** INFORMATION PROVIDED follows **
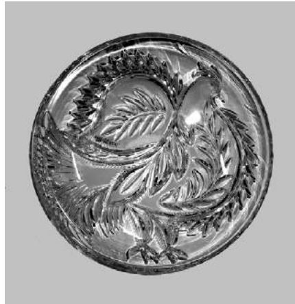
Блюдо «Мир нашій планеті». 1987 р.
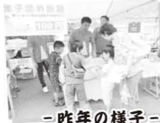
- 昨年の様子 -
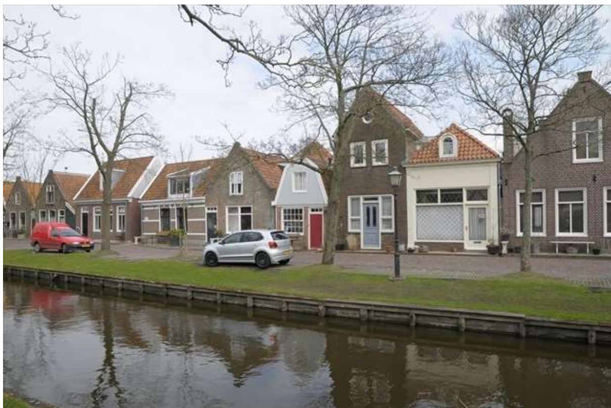
Overzicht van de gevelwand aan het Groenland.
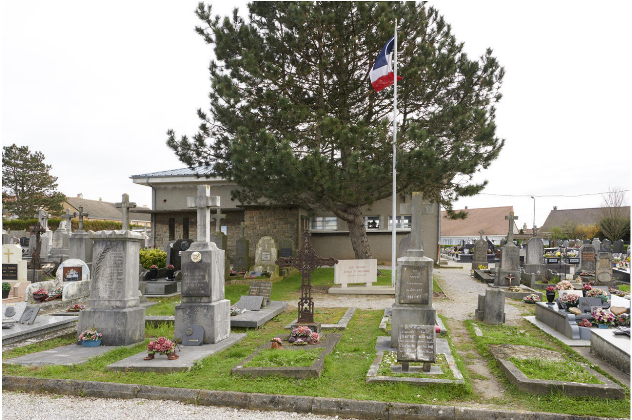
Vue de la division où reposent les victimes civiles et militaires des deux guerres mondiales.
** End of INFORMATION PROVIDED **
WHAT YOU NEED TO DO = From the first line to the last, retype the data above exactly, but not its images.

RESULT BELOW =
Блюдо «Мир нашій планеті». 1987 р.
- 昨年の様子 -
Overzicht van de gevelwand aan het Groenland.
Vue de la division où reposent les victimes civiles et militaires des deux guerres mondiales.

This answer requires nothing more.